Looks of anticipation from our furry family members – so cute and endearing as we enjoy a meal or a snack is something that all pet owners – well, mostly dog parents, experience on a daily basis. We’re not excluding kitties, but they are usually more discerning about their foods and would rather not appear like they care at all!
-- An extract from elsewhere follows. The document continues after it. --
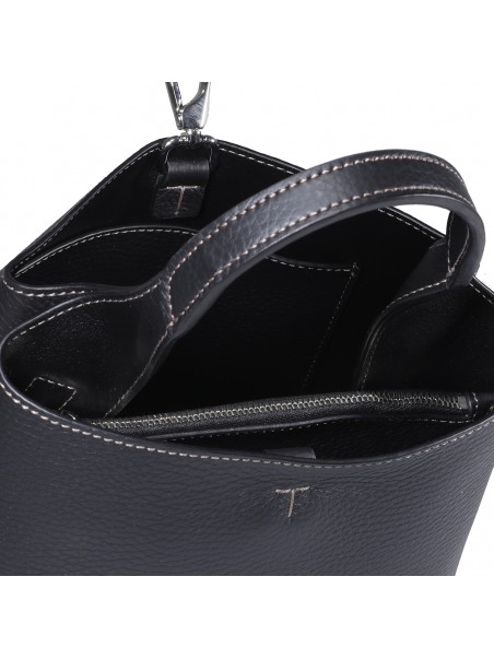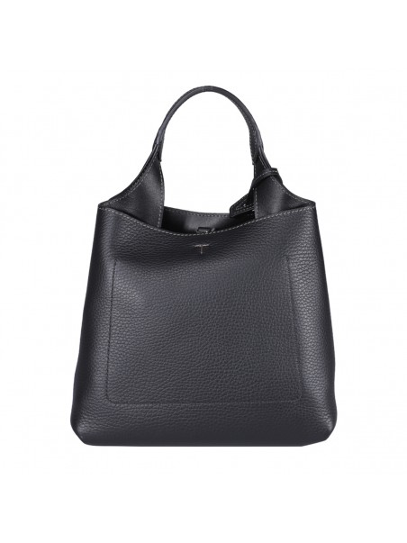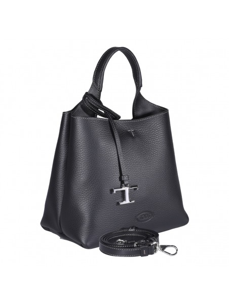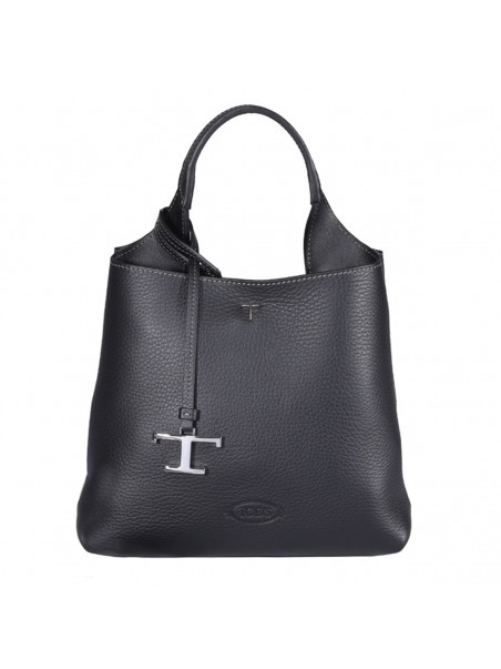 Black leather handle bag from Tod's featuring stamped logo on the front, removable pendant with metal T Timeless accessory, silver-tone hardware, closure with snap hook and metal ring, zipped internal flat pocket and branded bottom feet.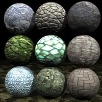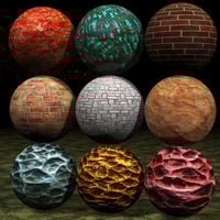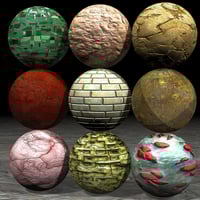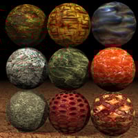 52 Hi-Res Photo based materials for Bryce utilizing Color, Specular and Bump maps.

Our love and willingness to add to the joy of our pets tempts us to hand over a morsel or allow them to devour the leftovers from a meal. However, we also have to be responsible about treating them. There are many foods that cause, at the least gastrointestinal distress and the worst that require immediate medical attention and/or death.
Here is a list of those foods that should never be given to them for many reasons:
Chocolate, Coffee, Caffeine: These products all contain substances called methylxanthines, which are found in cacao seeds, the fruit of the plant used to make coffee and in the nuts of an extract used in some sodas. These can cause vomiting and diarrhea, panting, excessive thirst and urination, hyperactivity, abnormal heart rhythm, tremors, seizures and even death. Note: The darker the chocolate the more dangerous.
Alcohol: Have you ever had one of “those” friends who thought it was “cool” to give their dog or cat beer or liquor? Well, we hope not – but any alcoholic beverage or food product containing alcohol can cause vomiting, diarrhea, decreased coordination, central nervous system depression, difficulty breathing, tremors, abnormal blood acidity, coma and even death.
Avocado: The leaves, fruit, seeds and bark of avocados contain Persin, which can cause vomiting and diarrhea in dogs. Birds and rodents are especially sensitive to avocado poisoning, and can develop congestion, difficulty breathing and fluid accumulation around the heart.
Macadamia Nuts: Macadamia nuts can be found in cookies and candies. First, cookies and candies should not be fed to your pets because of the added calories – empty calories that contribute to obesity. In the case of these nuts however, cause weakness, depression, vomiting, tremors and hyperthermia in dogs. Signs usually appear within 12 hours of ingestion and last approximately 12 to 48 hours.
Grapes & Raisins: Although the toxic substance within grapes and raisins is unknown, these fruits can cause kidney failure. For pets who are older or who have certain health problems this is especially true.
Yeast Dough: Not sure why anyone would feed their dog uncooked bread dough – but just in case you are tempted – don’t! Until the dough is cooked the yeast is still “alive” and will continue to expand in your pet’s digestive track. Needless to say the gas that it will cause will be painful and in the worst cases can cause the stomach or intestines to rupture. The risk of stomach distress does diminish after the dough is cooked and the yeast has fully risen and pets can have small bits of bread as treats. Please keep the volume of these treats five 5 to 10 percent of your pet’s daily caloric intake.
Raw/Undercooked Meat, Eggs and Bones: Just like with us, it is important to reduce the risk of sickness or even death from the bacteria that is present in raw or undercooked meats and eggs. Raw meat and raw eggs can contain bacteria such as Salmonella and E. coli that can be harmful to pets. Raw eggs also contain an enzyme called avidin that decreases the absorption of biotin (a B vitamin), which can lead to skin and coat problems. Raw bones may seem like a natural and healthy option that might occur if your pet lived in the wild. However, this can be very dangerous for a domestic pet, who are likely to choke on bone splinters, or sustain a grave injury when they become lodged in or puncture your pet’s digestive tract.
Xylitol: Xylitol is used as a sweetener in many products, including gum, candy, baked goods and toothpaste. It can cause insulin release in most species, which can lead to liver failure. The increase in insulin leads to hypoglycemia (lowered sugar levels). Initial signs of toxicosis include vomiting, lethargy and loss of coordination. Signs can progress to recumbancy and seizures. Elevated liver enzymes and liver failure can be seen within a few days.
Onions, Garlic, Chives: These vegetables and herbs can cause gastrointestinal irritation and could lead to red blood cell damage. Although cats are more susceptible, dogs are also at risk if a large enough amount is consumed. Toxicity is normally diagnosed through history, clinical signs and microscopic confirmation of Heinz bodies. An occasional low dose, such as what might be found in pet foods or treats, likely will not cause a problem, but we recommend that you do NOT give your pets large quantities of these foods.
Milk: Because pets do not possess significant amounts of lactase (the enzyme that breaks down lactose in milk), milk and other milk-based products cause them diarrhea or other digestive upset.
Salt: Large amounts of salt can produce excessive thirst and urination, or even sodium ion poisoning in pets. Signs that your pet may have eaten too many salty foods include vomiting, diarrhea, depression, tremors, elevated body temperature, seizures and even death. In other words, keep those salty chips to yourself!